§ **Exercise materials**:
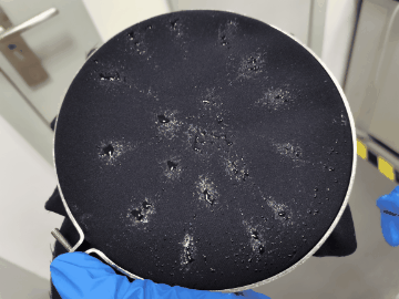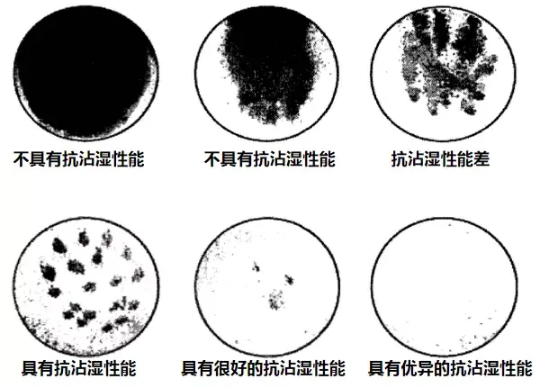 The black shaded part is the part wetted by water after the experiment. The smaller the black part, The smaller the resistance of the fabric surface to being wetted by water,Indicates that the waterproofness of the fabric is better.
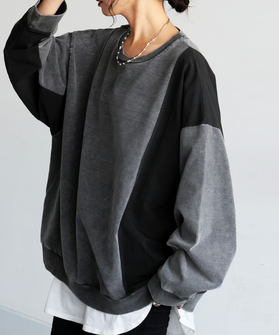 再入荷予定有!異素材切替 スウェット レディース プルオーバー 長袖 送料無料・メール便不可
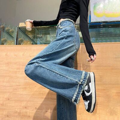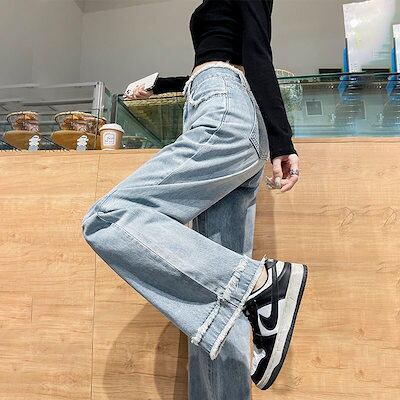 【3日以内出荷】脚長効果!デニムパンツ ハイウエスト ワイドパンツ レディース 小さい ゆったり 薄手 2025年春の新作 ドレープ ストレートパンツ 韓国ファッション
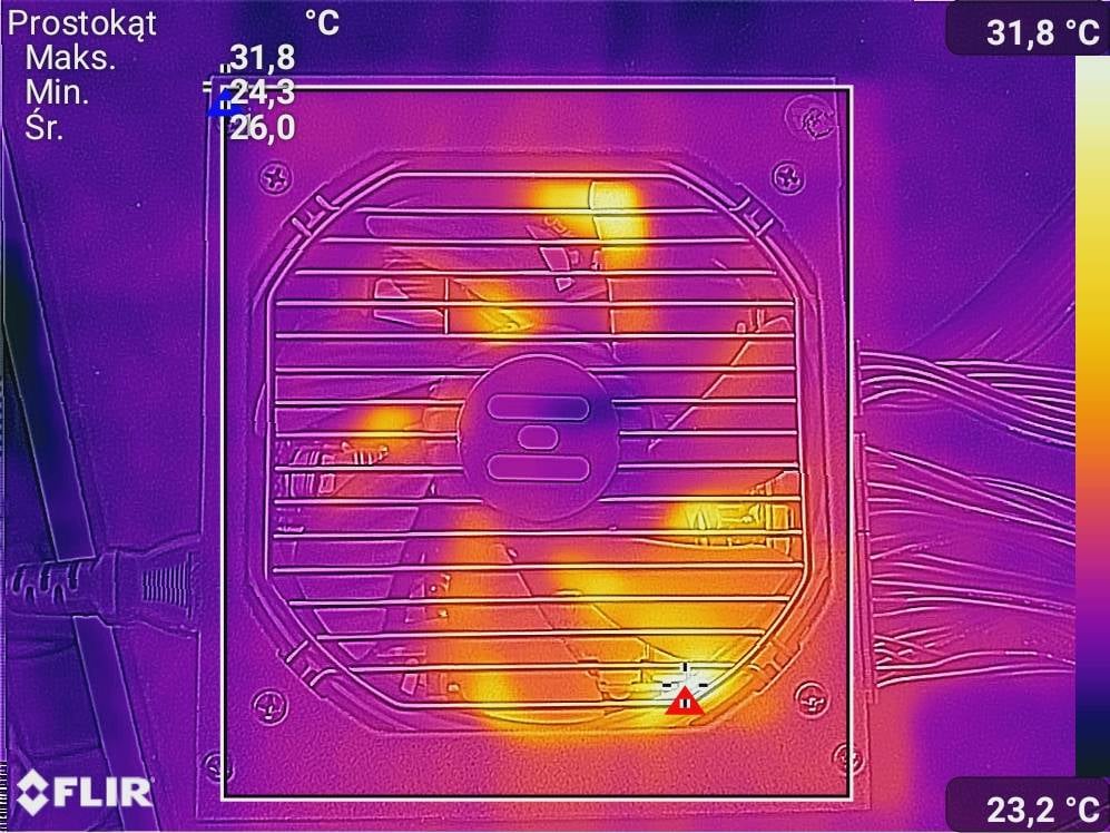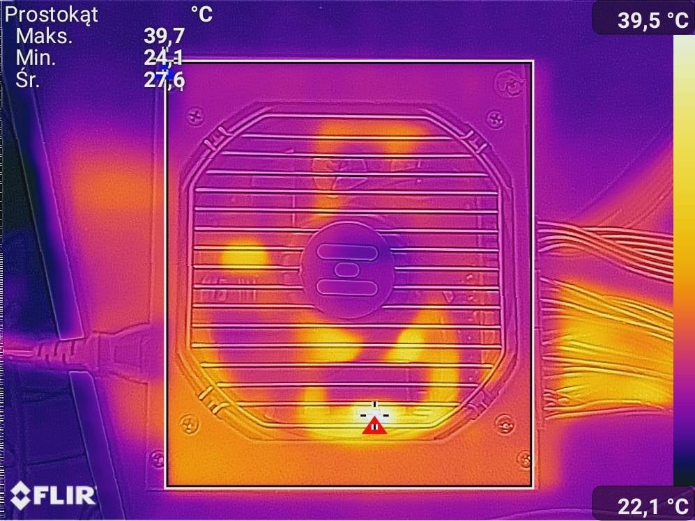 Wyniki testów są bardzo dobre. Napięcia są blisko idealnych i nie ma mocnych spadków pod obciążeniem. Spokojnie więc możecie sparować go z niepodkręconym i9-14900K i RTX 4090 – będą zapewnione odpowiednie warunki do pracy. W spoczynku, przy włączonym trybie Eco, zasilacz działa pasywnie. Pod obciążeniem jest również cichy i nie powinien przeszkadzać w szczególności, jeśli macie AiO 360. Temperatury są również bez zarzutów.
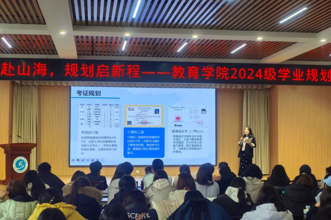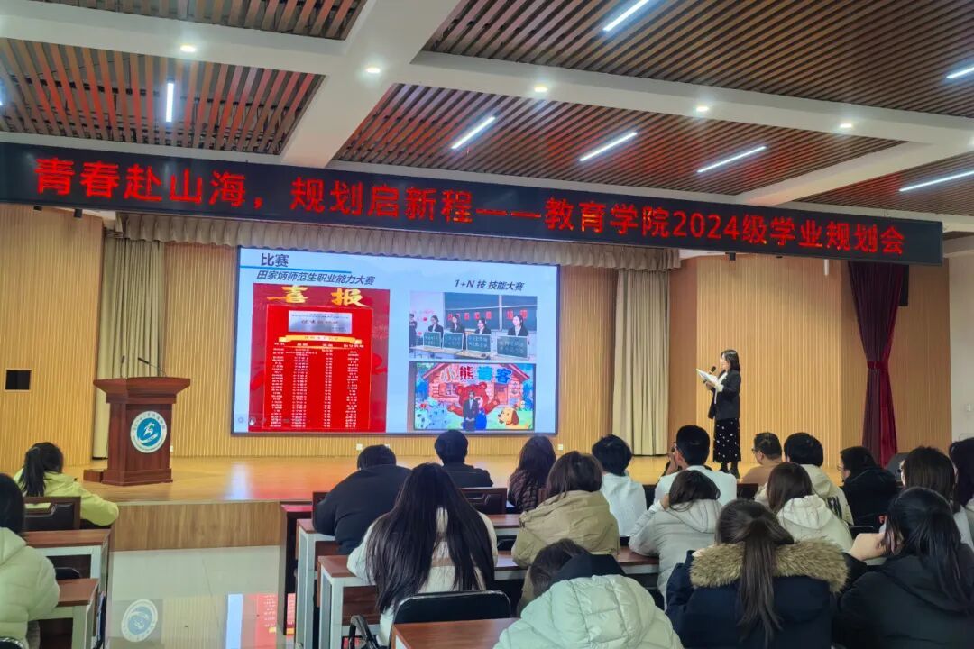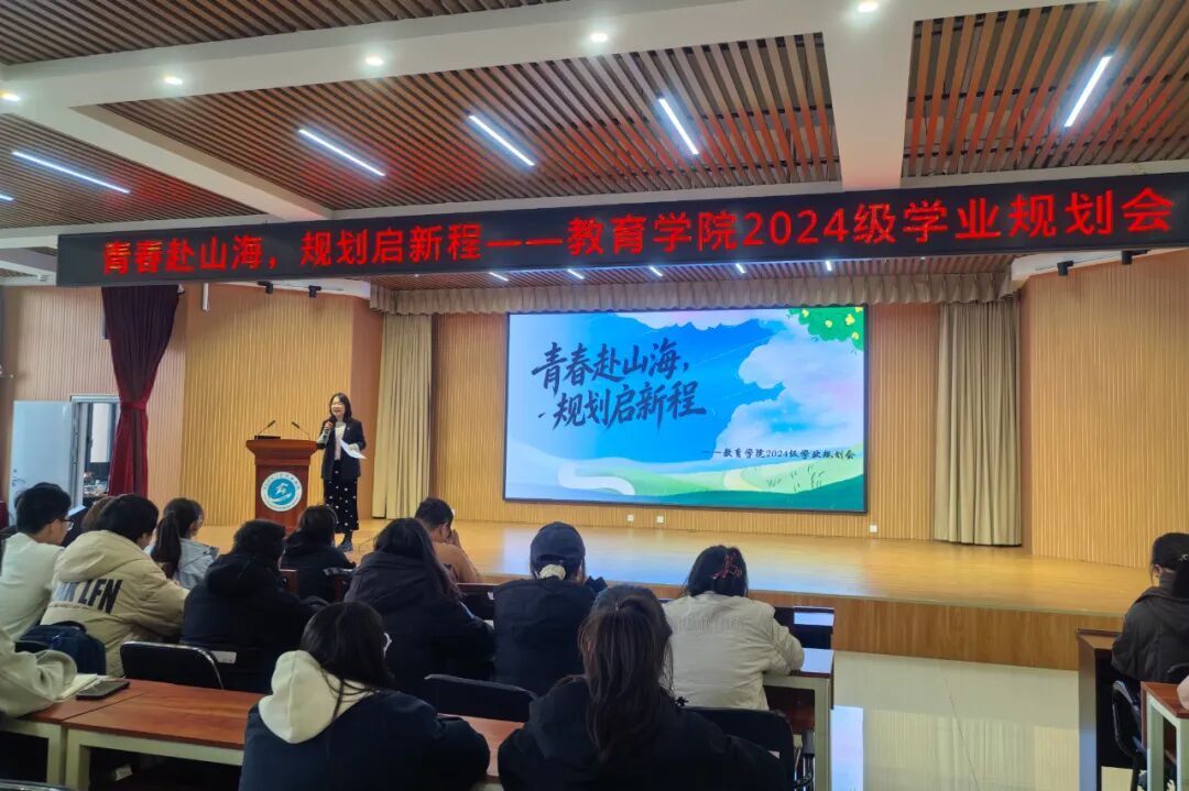 为进一步统筹新学期各项工作部署,夯实师范生专业成长根基,教育学院于2026年3月19日15:40在图书馆一楼报告厅顺利召开2024级学业规划会。本次会议由24级本专科辅导员高馨老师主持,24级本专科全体学生参加。

§ **Description of the task**:
Excluding every picture, set down the listing exactly.

§ **Solution for this task**:
 The black shaded part is the part wetted by water after the experiment. The smaller the black part, The smaller the resistance of the fabric surface to being wetted by water,Indicates that the waterproofness of the fabric is better.
 再入荷予定有!異素材切替 スウェット レディース プルオーバー 長袖 送料無料・メール便不可
 【3日以内出荷】脚長効果!デニムパンツ ハイウエスト ワイドパンツ レディース 小さい ゆったり 薄手 2025年春の新作 ドレープ ストレートパンツ 韓国ファッション
 Wyniki testów są bardzo dobre. Napięcia są blisko idealnych i nie ma mocnych spadków pod obciążeniem. Spokojnie więc możecie sparować go z niepodkręconym i9-14900K i RTX 4090 – będą zapewnione odpowiednie warunki do pracy. W spoczynku, przy włączonym trybie Eco, zasilacz działa pasywnie. Pod obciążeniem jest również cichy i nie powinien przeszkadzać w szczególności, jeśli macie AiO 360. Temperatury są również bez zarzutów.
 为进一步统筹新学期各项工作部署,夯实师范生专业成长根基,教育学院于2026年3月19日15:40在图书馆一楼报告厅顺利召开2024级学业规划会。本次会议由24级本专科辅导员高馨老师主持,24级本专科全体学生参加。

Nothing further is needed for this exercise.